Fred Henneke, Attorney & Counselor-At-Law
The issue of the impeachment of President Trump having been determined, the attention now turns to the issue of removal from office. It appears that the House of Representatives will vote on appointing “Managers”, aka Prosecutors, to present the reasons for the impeachment of the President to the Senate, sitting as a jury. The Managers will then formally and literally carry the two Articles of Impeachment from the House of Representatives chamber to the Senate Chamber. It’s not far. The ball is then in the Senate’s court.
Prior to beginning the trial of President Trump, the Senate will vote on the rules of the trial. Senator Mitch McConnell, the Senate Majority leader, wants to use the same rules as were followed for the trial of President Clinton. If his druthers prevail, and he has the votes to approve them, following the taking of the oath by Senators, the Managers will present their case and the President’s attorneys will present their rebuttal. The Senators cannot speak (make speeches) but can submit written questions to the Managers and President’s attorneys to be answered in writing., After both sides have made their case and the questions answered, the Senate will vote on whether or not to call witnesses or subpoena documents; majority rules. When all is said and done, the Senators vote; it takes 2/3rds of those present to remove the President from office, a very high bar. Given the present numbers of Democrats and Republicans in the Senate, 20 Republican senators would have to vote to remove the President if all Democrat Senators also voted to remove. The defection of that many Republicans is highly unlikely.
Once the trial starts, the Senate can not take up any other business; the senators are compelled to attend every minute of the trial. That could hamper those four senators still vying for the Democrat nomination for president. No telling how long the trial will last.
Per the Constitution, the Chief Justice of the U.S. Supreme Court, presides over the trial of the President. He, or she, can have little impact upon the outcome. The Chief Justice will rule on objections to testimony or evidence but make no rulings on the subject of the trial.

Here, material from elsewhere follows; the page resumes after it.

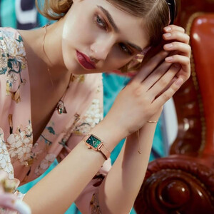 采用进口石英机芯,性能稳定。深绿色打造的方形表盘,彰显出女士的魅力。
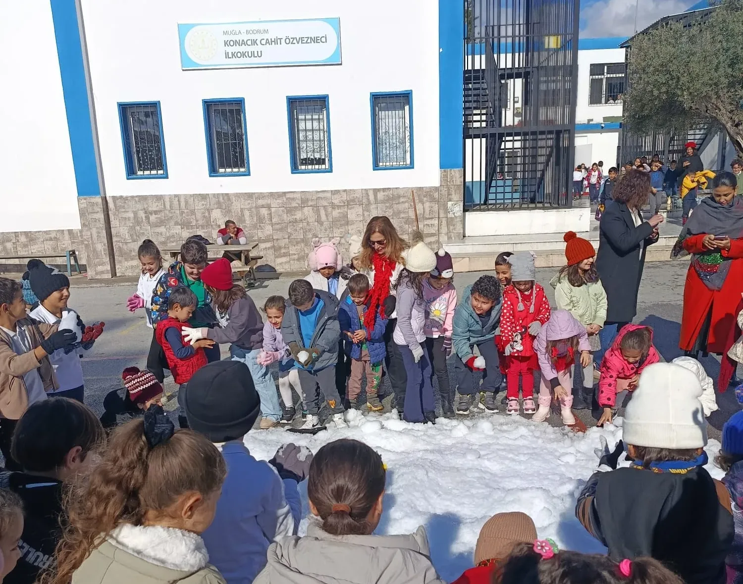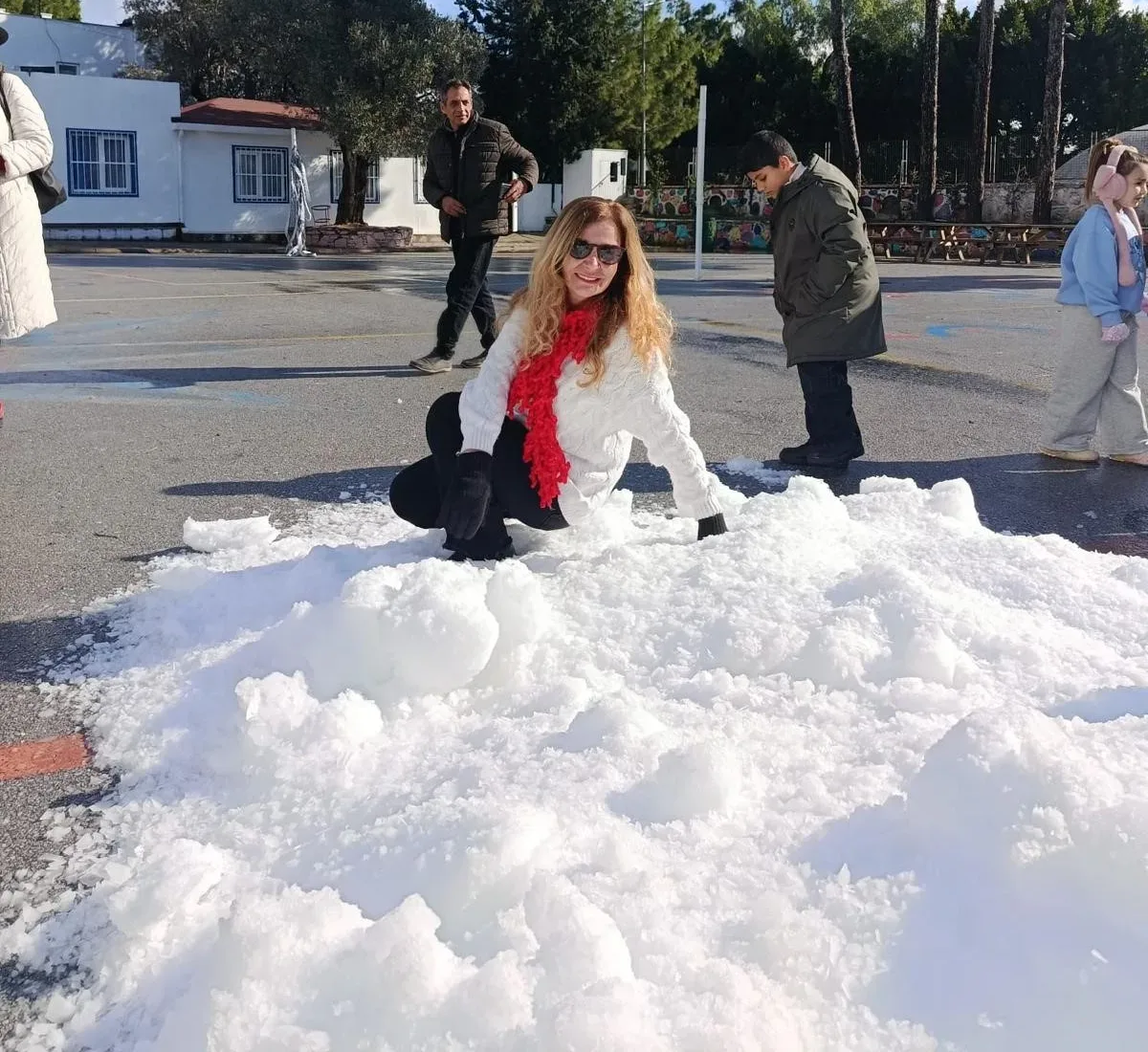 Bodrum ilçesinde bir ilkokula getirilen yapay kar ile çocuklar gönüllerince eğlendi.

The oath that the senators take as jurors is not the same one they took upon entering office. This one requires them to be “impartial”. Given the over-the-top partisanship in today’s ;politics, you would be hard pressed to find a senator that has not already made up his or her mind. The system certalnly sounds unworkable today but we should keep in mind that the Constitution makes no mention of political parties, much less mindless hyper partisanship. The Founding Fathers had much higher expectations of elected officials than we enjoy (?) today.
One might ask what Nancy :Pelosi gained by holding the Articles of Impeachment hostage in a futile attempt to put pressure on Senator McConnell to agree to call witnesses that might sway some Republican senators.The answer is Nothing, except to more clearly identify this impeachment as a partisan, electoral issue as opposed to a constitutional one. Sad but true.